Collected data
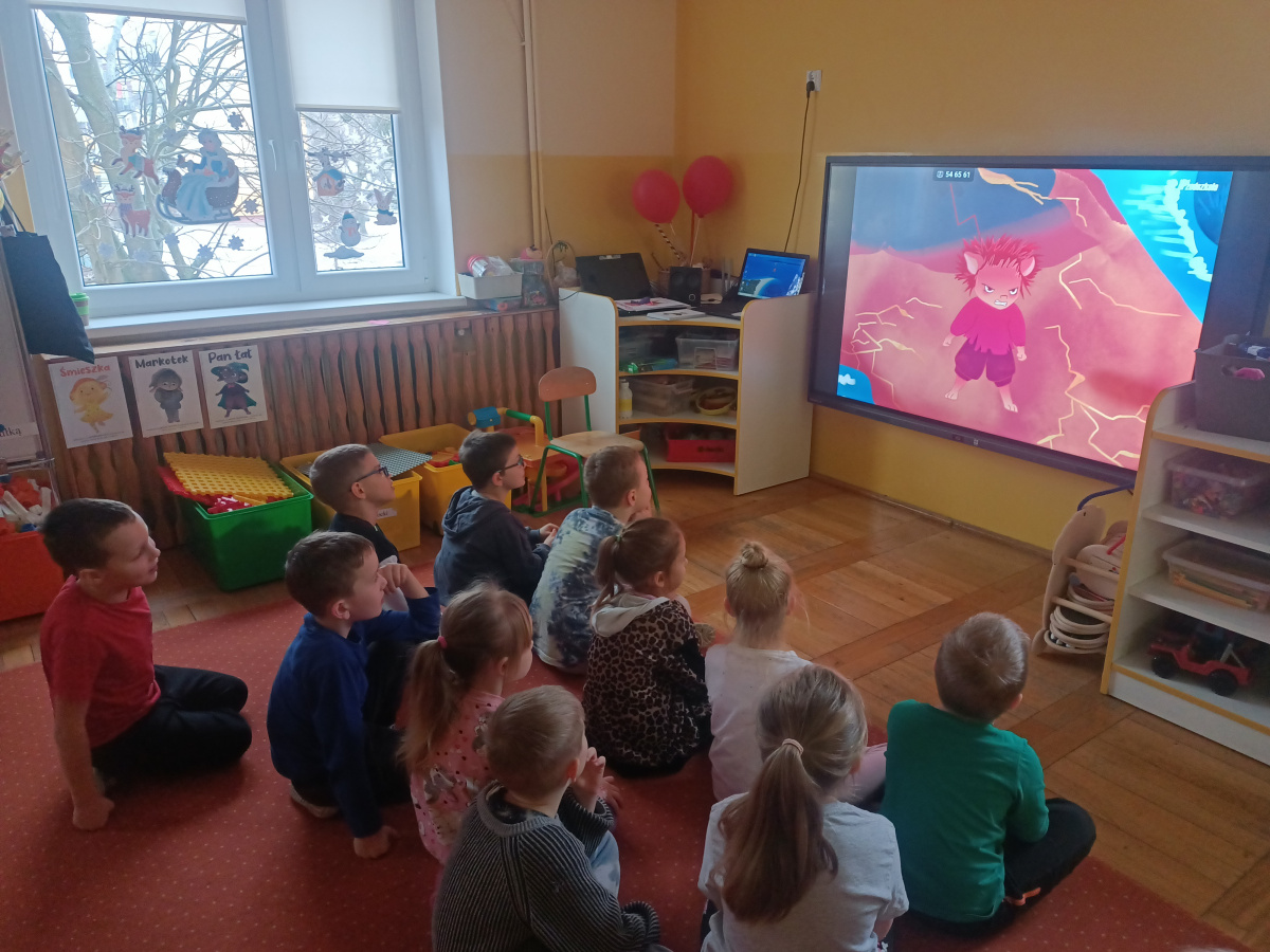Dzieci z grupy "Biedronki w ramach realizacji projektu edukacyjnego "Czuciaki w krainie emocji" w poznawały kolejnych bohaterów emocji czyli "Gniewka" mieszkańca wyspy złości oraz "Bojka" mieszkańca wyspy strachu. Dzieci poznały historię poszczególnych bohaterów. Dzieci poznały sposoby radzenia sobie ze złością i strachem.
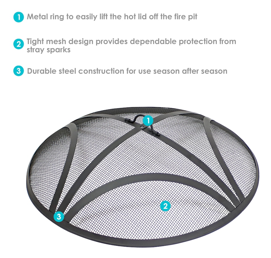Get dependable protection from stray sparks and embers while relaxing around the firepit spark screen. This heavy-duty, spark screen for fire pit ring is made from durable steel with a mesh design to keep sparks within the fire pit and stay resistant to elements when used outdoors. It features a stylish design in a classic black color that will complement any fire pit style and any patio, deck, yard, or campsite aesthetic. Plus, the metal ring at the top of the mesh fire pit lid makes it easy to remove from the fire pit. Use a poker (not included) if the screen gets too hot to the touch! This attractive, convenient cover comes in multiple sizes to get the screen that best fits the favorite outdoor feature. Keep friends and family safe from flying sparks from the fire and get an attractive feature all in one with this fire pit spark screen replacement.
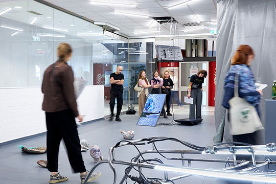 Zentral ist eine Installation von Jill Kiddon, die wie ein „UFO“ Wrack anmutet, dass durch die Decke gestürzt ist! Dazu werden Skulpturen von Alexander Skorobogatov und eine Video Installation von Flavio Degen zusehen sein. Außerhalb des Lusvardi Art Satellite Space wird auf eine große Wandfläche im CAP Kiel eine Abfolge von Lichtzeichnungen von Natalia Korotyaeva projiziert werden.
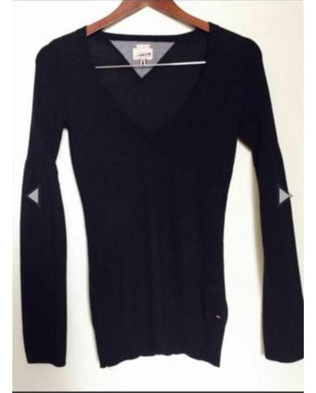 Черный тонкий свитерок, из оригинальной коллекции Hilfiger denim, рукав резинка облегающая бицепс, а дальше свободный до манжета(фото) я носила на S , покупали в Испании
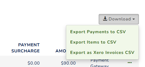 To enable the “Export as Xero Invoices CSV” option, an account code must first be configured in the External/Xero Accounting Code section of your Organisation Settings. This should correspond to the income account in your accounting software where the payment is to be allocated.

▶ _Prompt_
Pictures aside, restate the entries word for word.

▶ _Your response_
Dzieci z grupy "Biedronki w ramach realizacji projektu edukacyjnego "Czuciaki w krainie emocji" w poznawały kolejnych bohaterów emocji czyli "Gniewka" mieszkańca wyspy złości oraz "Bojka" mieszkańca wyspy strachu. Dzieci poznały historię poszczególnych bohaterów. Dzieci poznały sposoby radzenia sobie ze złością i strachem.
Get dependable protection from stray sparks and embers while relaxing around the firepit spark screen. This heavy-duty, spark screen for fire pit ring is made from durable steel with a mesh design to keep sparks within the fire pit and stay resistant to elements when used outdoors. It features a stylish design in a classic black color that will complement any fire pit style and any patio, deck, yard, or campsite aesthetic. Plus, the metal ring at the top of the mesh fire pit lid makes it easy to remove from the fire pit. Use a poker (not included) if the screen gets too hot to the touch! This attractive, convenient cover comes in multiple sizes to get the screen that best fits the favorite outdoor feature. Keep friends and family safe from flying sparks from the fire and get an attractive feature all in one with this fire pit spark screen replacement.
 Zentral ist eine Installation von Jill Kiddon, die wie ein „UFO“ Wrack anmutet, dass durch die Decke gestürzt ist! Dazu werden Skulpturen von Alexander Skorobogatov und eine Video Installation von Flavio Degen zusehen sein. Außerhalb des Lusvardi Art Satellite Space wird auf eine große Wandfläche im CAP Kiel eine Abfolge von Lichtzeichnungen von Natalia Korotyaeva projiziert werden.
 Черный тонкий свитерок, из оригинальной коллекции Hilfiger denim, рукав резинка облегающая бицепс, а дальше свободный до манжета(фото) я носила на S , покупали в Испании
 To enable the “Export as Xero Invoices CSV” option, an account code must first be configured in the External/Xero Accounting Code section of your Organisation Settings. This should correspond to the income account in your accounting software where the payment is to be allocated.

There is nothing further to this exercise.